* [WHAT IS REQUIRED] Could you retype the whole listing word for word and drop the images?

* [DATA SEGMENT]
======

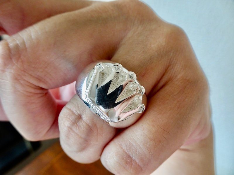 ごらん頂きありがとうございます。 オリジナルブランド 仁尾彫金『5つ星ダイヤ、クラウン甲丸リング』を出品致しますオリジナルのアクセサリーを自ら制作しています。今回、甲丸リングを制作致しました。そこに王冠モチーフを立体的に造形致しました。王冠の先に1.3mmのダイヤモンドを5石埋め込みました。使用ダイヤは上級クラスなので無色透明で照り輝きも最高です。大幅は約1.6cm強、最大厚みは約7mm弱で重量も約24gとシルバーをズシリ使用し、しっかりとした作りになっています。使い込むとリングはシルバーなので独特の味が出てきます。オリジナリティを追求しデザイン、制作を私自身で行っている為、今回、新品をご用意致します!! *こちらの作品につきまして10号から30号まで制作可能でございますm(_ _)m。 *こちらの作品につきまして制作に3週間程度かかります。m(_ _)m シルバー925 約24g (silver刻印あり) ご質問等ございましたらお気軽にaerothmith@mac.comへご連絡下さい。m(_ _)m 金プラチナにつきましてはフルオーダー制作も承っていますので、ご質問等ございましたらお気軽にaerothmith@mac.comへご連絡下さい。m(_ _)m その他も出品していますのでご覧下さい。m(_ _)m *インスタにて仁尾彫金で制作状況を掲載していますのでお気軽にご登録をお願い致します。(^-^) |
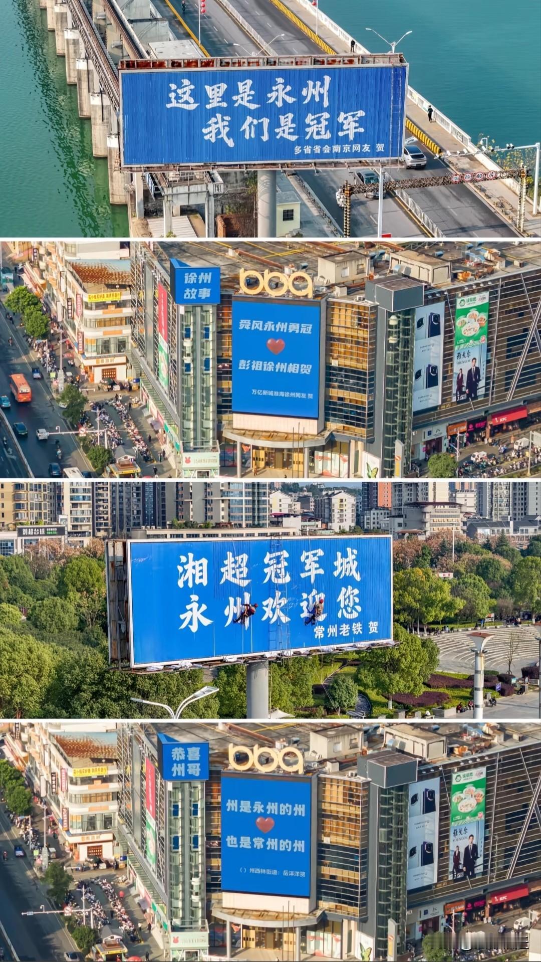 2025年12月27日晚,湖南永州队击败常德队,勇夺湘超联赛冠军。在颁奖仪式上,四万多名观众同声高唱《真心英雄》。谁能想到,这场胜利竟触发了一场横跨千里的“灯牌会战”。 苏州网友封先生被永州的足球热忱所感染,出资一万元在永州宋家洲大桥桥头设立了“这里是永州,我们是冠军”的祝贺广告。这一创意迅速扩散,南京网友紧跟而上,两块广告一左一右,十分惹眼。截至目前,江苏“十三太保”的广告牌均已安置妥当,部分县级城市的广告牌也在制作当中!这般操作,直接把永州推成新年“网红”之地,着实了不起!
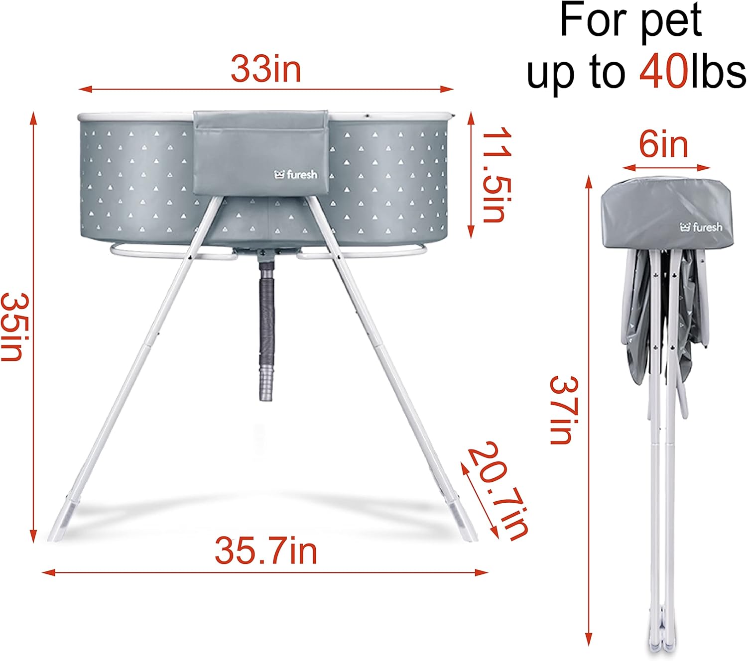 Diseño ligero y duradero: el lavabo está hecho de PVC de grado marino, que es resistente, fácil de limpiar y resistente al desgaste de patas y garras. El marco está hecho de tubo de aluminio inoxidable y pesa menos de 11 libras en total, pero soporta más de 130 libras (incluyendo agua) y permanece estable y seguro durante el baño y el aseo. Dimensiones: 35.7 pulgadas de largo x 20.7 pulgadas de ancho x 35 pulgadas de alto (desplegado)

======

* [RESPONSE FOR THIS EXERCISE]
 ごらん頂きありがとうございます。 オリジナルブランド 仁尾彫金『5つ星ダイヤ、クラウン甲丸リング』を出品致しますオリジナルのアクセサリーを自ら制作しています。今回、甲丸リングを制作致しました。そこに王冠モチーフを立体的に造形致しました。王冠の先に1.3mmのダイヤモンドを5石埋め込みました。使用ダイヤは上級クラスなので無色透明で照り輝きも最高です。大幅は約1.6cm強、最大厚みは約7mm弱で重量も約24gとシルバーをズシリ使用し、しっかりとした作りになっています。使い込むとリングはシルバーなので独特の味が出てきます。オリジナリティを追求しデザイン、制作を私自身で行っている為、今回、新品をご用意致します!! *こちらの作品につきまして10号から30号まで制作可能でございますm(_ _)m。 *こちらの作品につきまして制作に3週間程度かかります。m(_ _)m シルバー925 約24g (silver刻印あり) ご質問等ございましたらお気軽にaerothmith@mac.comへご連絡下さい。m(_ _)m 金プラチナにつきましてはフルオーダー制作も承っていますので、ご質問等ございましたらお気軽にaerothmith@mac.comへご連絡下さい。m(_ _)m その他も出品していますのでご覧下さい。m(_ _)m *インスタにて仁尾彫金で制作状況を掲載していますのでお気軽にご登録をお願い致します。(^-^) |
 2025年12月27日晚,湖南永州队击败常德队,勇夺湘超联赛冠军。在颁奖仪式上,四万多名观众同声高唱《真心英雄》。谁能想到,这场胜利竟触发了一场横跨千里的“灯牌会战”。 苏州网友封先生被永州的足球热忱所感染,出资一万元在永州宋家洲大桥桥头设立了“这里是永州,我们是冠军”的祝贺广告。这一创意迅速扩散,南京网友紧跟而上,两块广告一左一右,十分惹眼。截至目前,江苏“十三太保”的广告牌均已安置妥当,部分县级城市的广告牌也在制作当中!这般操作,直接把永州推成新年“网红”之地,着实了不起!
 Diseño ligero y duradero: el lavabo está hecho de PVC de grado marino, que es resistente, fácil de limpiar y resistente al desgaste de patas y garras. El marco está hecho de tubo de aluminio inoxidable y pesa menos de 11 libras en total, pero soporta más de 130 libras (incluyendo agua) y permanece estable y seguro durante el baño y el aseo. Dimensiones: 35.7 pulgadas de largo x 20.7 pulgadas de ancho x 35 pulgadas de alto (desplegado)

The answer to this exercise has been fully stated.